• **GIVEN DATA**
Start of Block
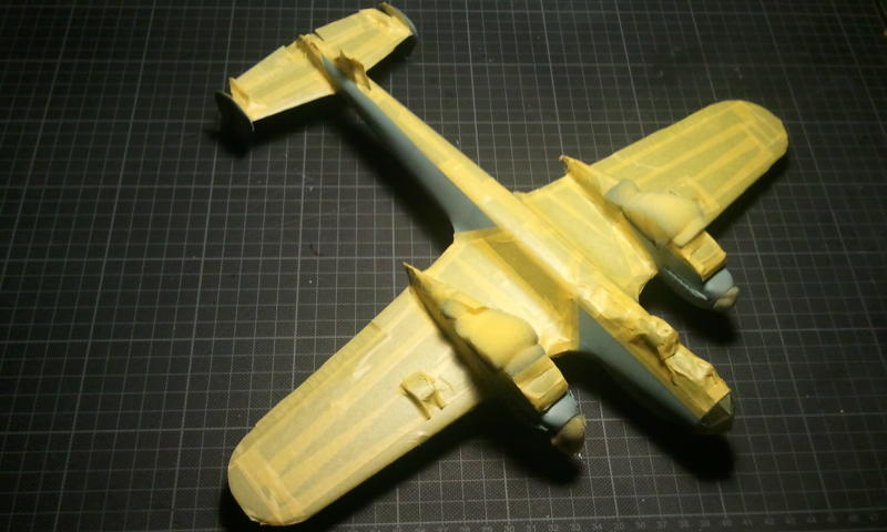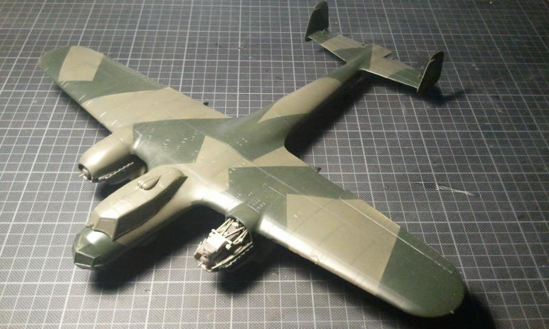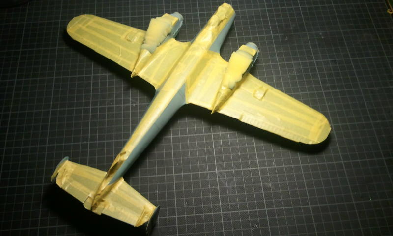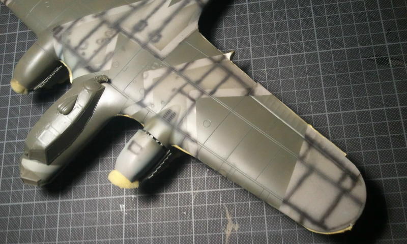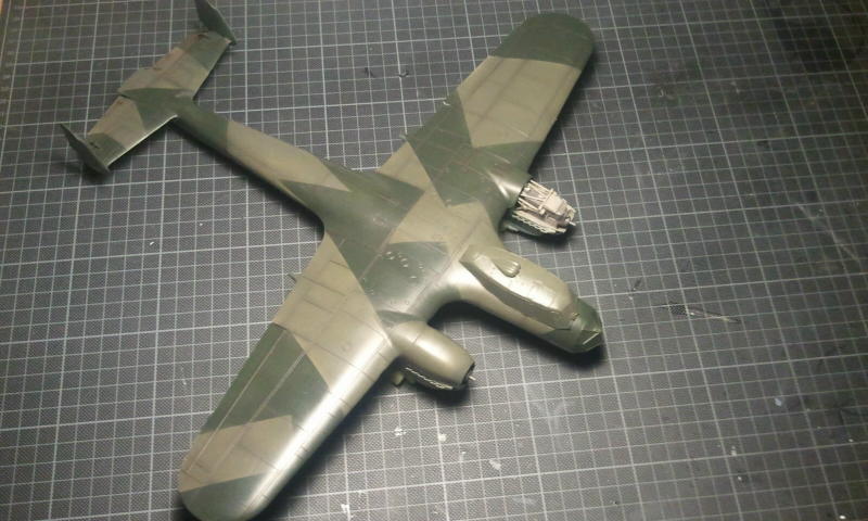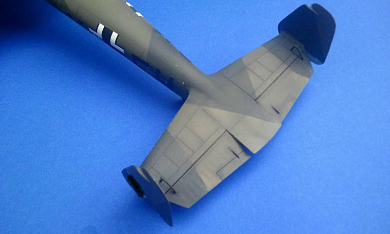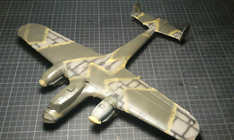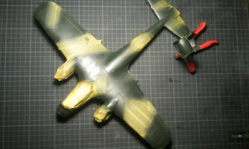 Wenn alles trocken ist, wird die ganze Unterseite abgeklebt. Dann umrahme ich mit Tamya-Band auf der Oberseite die Bereiche der Splittertarnung, die als nächstes RLM 71 Dunkelgrün erhalten sollen und nach Trocknung klebe ich diese für den Auftrag von RLM 70 Schwarzgrün ab. Sinn des Ganzen ist wie gesagt, nicht zwei Schichten Farbe übereinander zu haben. Nach Entfernung von dicken Knäueln von Tamiyaband sind zwar noch ein paar Stellen zu reparieren, aber dann sieht alles ganz zufriedenstellend aus.
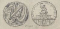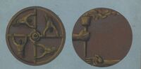 Relevo de la Antorcha Dibujo de dos medallas, la primera de ellas con la escena vista desde arriba de cuatro hombres moviendo una estructura de madera de cuatro mástiles unidos por una pieza circular que las hace girar, la segunda medalla la imagen del brazo de un hombre que porta una antorcha y otra mano que intenta cogerla en el relevo.
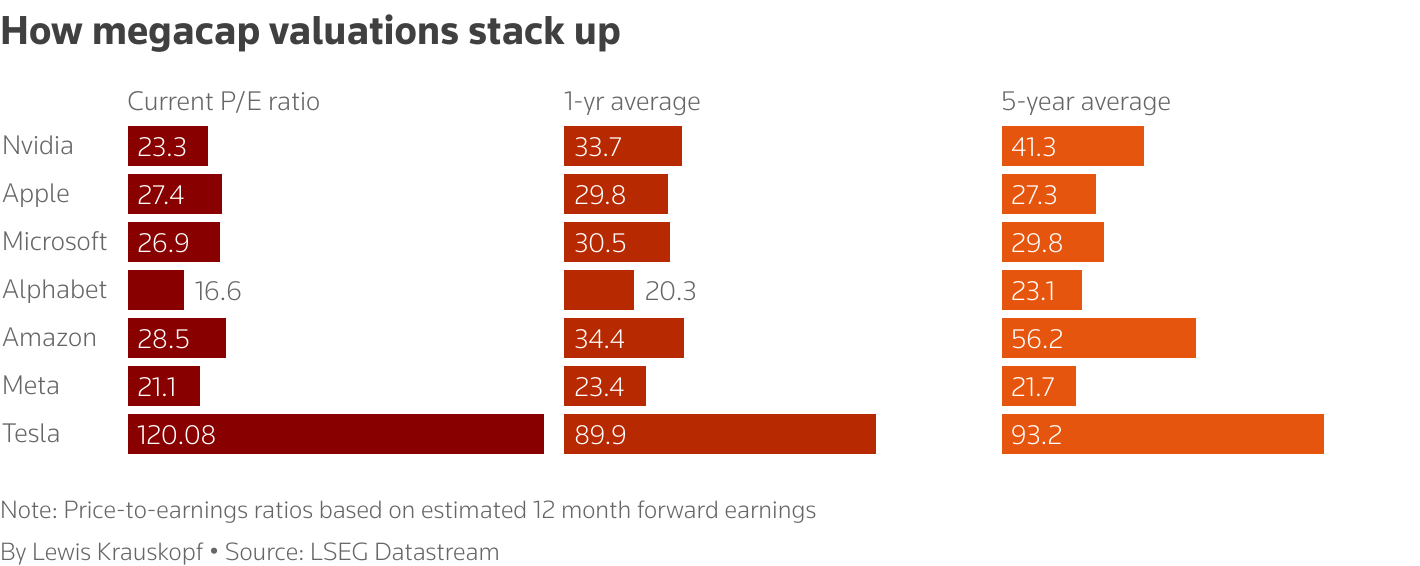 Instead, I look to the Mag7 stocks to observe what their ratios are, which are now only somewhat below a high of 30x.
End of Block
Transcribe the listing exactly, skipping pictures.

• **PROBLEM SOLUTION**
 Wenn alles trocken ist, wird die ganze Unterseite abgeklebt. Dann umrahme ich mit Tamya-Band auf der Oberseite die Bereiche der Splittertarnung, die als nächstes RLM 71 Dunkelgrün erhalten sollen und nach Trocknung klebe ich diese für den Auftrag von RLM 70 Schwarzgrün ab. Sinn des Ganzen ist wie gesagt, nicht zwei Schichten Farbe übereinander zu haben. Nach Entfernung von dicken Knäueln von Tamiyaband sind zwar noch ein paar Stellen zu reparieren, aber dann sieht alles ganz zufriedenstellend aus.
 Relevo de la Antorcha Dibujo de dos medallas, la primera de ellas con la escena vista desde arriba de cuatro hombres moviendo una estructura de madera de cuatro mástiles unidos por una pieza circular que las hace girar, la segunda medalla la imagen del brazo de un hombre que porta una antorcha y otra mano que intenta cogerla en el relevo.
 Instead, I look to the Mag7 stocks to observe what their ratios are, which are now only somewhat below a high of 30x.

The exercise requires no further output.